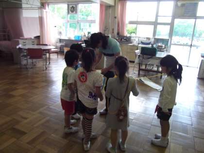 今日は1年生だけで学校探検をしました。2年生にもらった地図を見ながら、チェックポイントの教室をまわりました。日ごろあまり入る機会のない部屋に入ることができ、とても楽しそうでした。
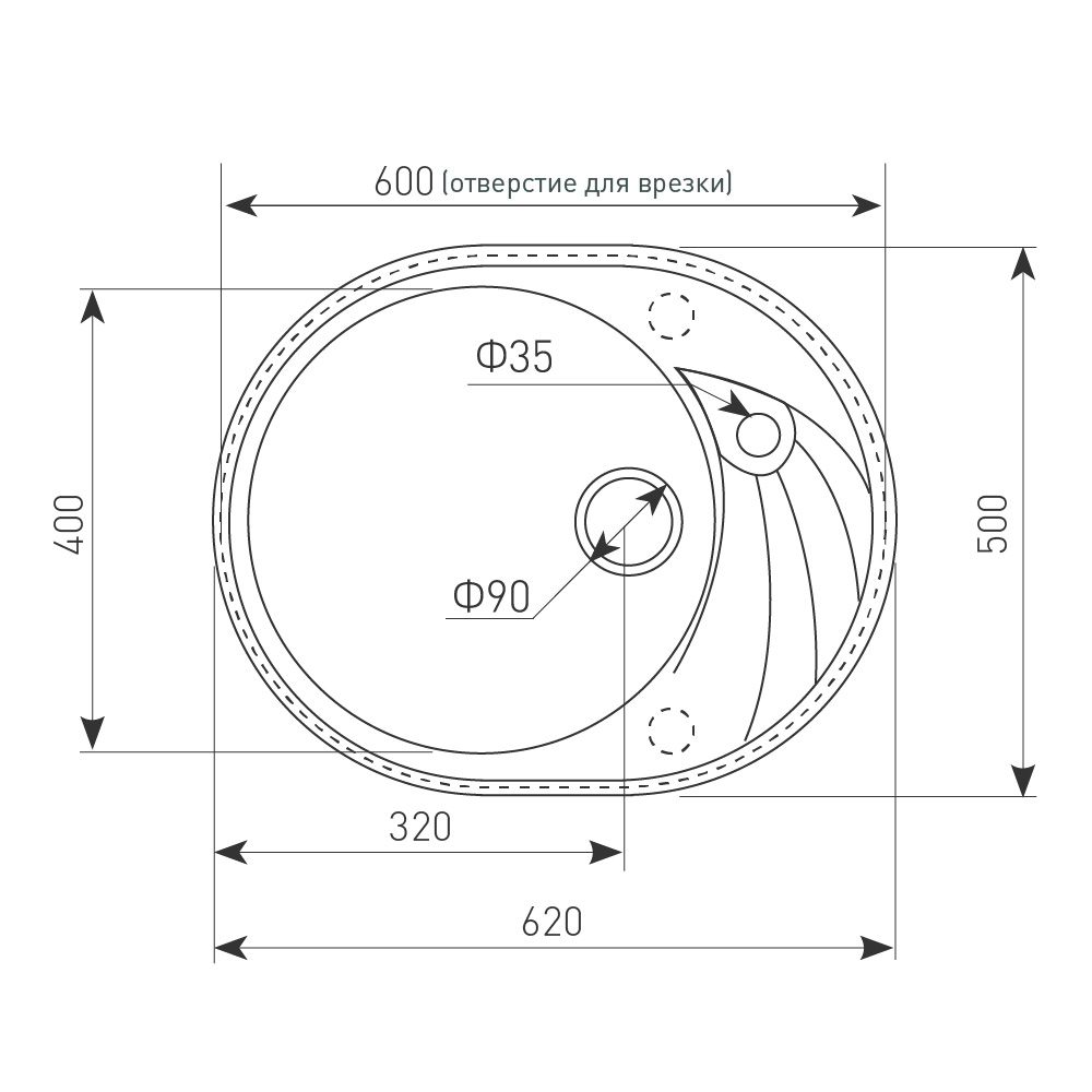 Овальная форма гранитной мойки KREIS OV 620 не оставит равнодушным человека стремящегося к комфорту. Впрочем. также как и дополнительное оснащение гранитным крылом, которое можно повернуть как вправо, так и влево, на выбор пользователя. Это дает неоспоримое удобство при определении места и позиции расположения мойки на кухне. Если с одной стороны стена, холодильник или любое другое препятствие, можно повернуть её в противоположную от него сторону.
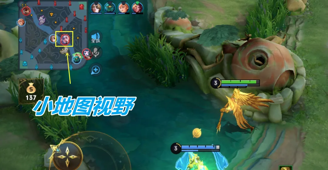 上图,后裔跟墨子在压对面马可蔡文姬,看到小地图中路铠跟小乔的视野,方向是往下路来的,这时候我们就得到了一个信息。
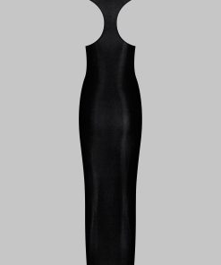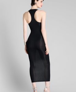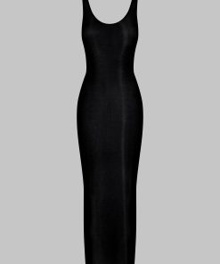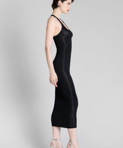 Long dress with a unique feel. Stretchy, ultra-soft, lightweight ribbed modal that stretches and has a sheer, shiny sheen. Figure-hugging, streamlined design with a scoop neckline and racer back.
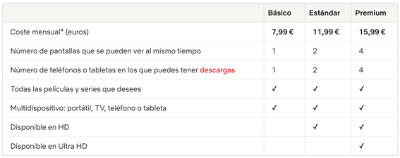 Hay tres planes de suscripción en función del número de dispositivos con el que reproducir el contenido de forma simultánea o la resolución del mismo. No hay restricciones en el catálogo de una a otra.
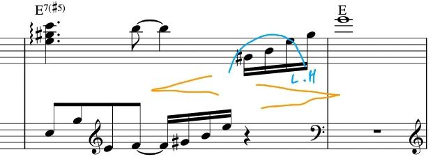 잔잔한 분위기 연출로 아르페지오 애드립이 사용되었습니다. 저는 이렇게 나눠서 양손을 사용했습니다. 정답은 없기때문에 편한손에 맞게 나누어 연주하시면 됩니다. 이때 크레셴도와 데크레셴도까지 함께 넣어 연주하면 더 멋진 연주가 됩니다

···

_Your objective:_ The records above, copied word for word without the pictures, are what should be output.

_Task answer:_
 今日は1年生だけで学校探検をしました。2年生にもらった地図を見ながら、チェックポイントの教室をまわりました。日ごろあまり入る機会のない部屋に入ることができ、とても楽しそうでした。
 Овальная форма гранитной мойки KREIS OV 620 не оставит равнодушным человека стремящегося к комфорту. Впрочем. также как и дополнительное оснащение гранитным крылом, которое можно повернуть как вправо, так и влево, на выбор пользователя. Это дает неоспоримое удобство при определении места и позиции расположения мойки на кухне. Если с одной стороны стена, холодильник или любое другое препятствие, можно повернуть её в противоположную от него сторону.
 上图,后裔跟墨子在压对面马可蔡文姬,看到小地图中路铠跟小乔的视野,方向是往下路来的,这时候我们就得到了一个信息。
 Long dress with a unique feel. Stretchy, ultra-soft, lightweight ribbed modal that stretches and has a sheer, shiny sheen. Figure-hugging, streamlined design with a scoop neckline and racer back.
 Hay tres planes de suscripción en función del número de dispositivos con el que reproducir el contenido de forma simultánea o la resolución del mismo. No hay restricciones en el catálogo de una a otra.
 잔잔한 분위기 연출로 아르페지오 애드립이 사용되었습니다. 저는 이렇게 나눠서 양손을 사용했습니다. 정답은 없기때문에 편한손에 맞게 나누어 연주하시면 됩니다. 이때 크레셴도와 데크레셴도까지 함께 넣어 연주하면 더 멋진 연주가 됩니다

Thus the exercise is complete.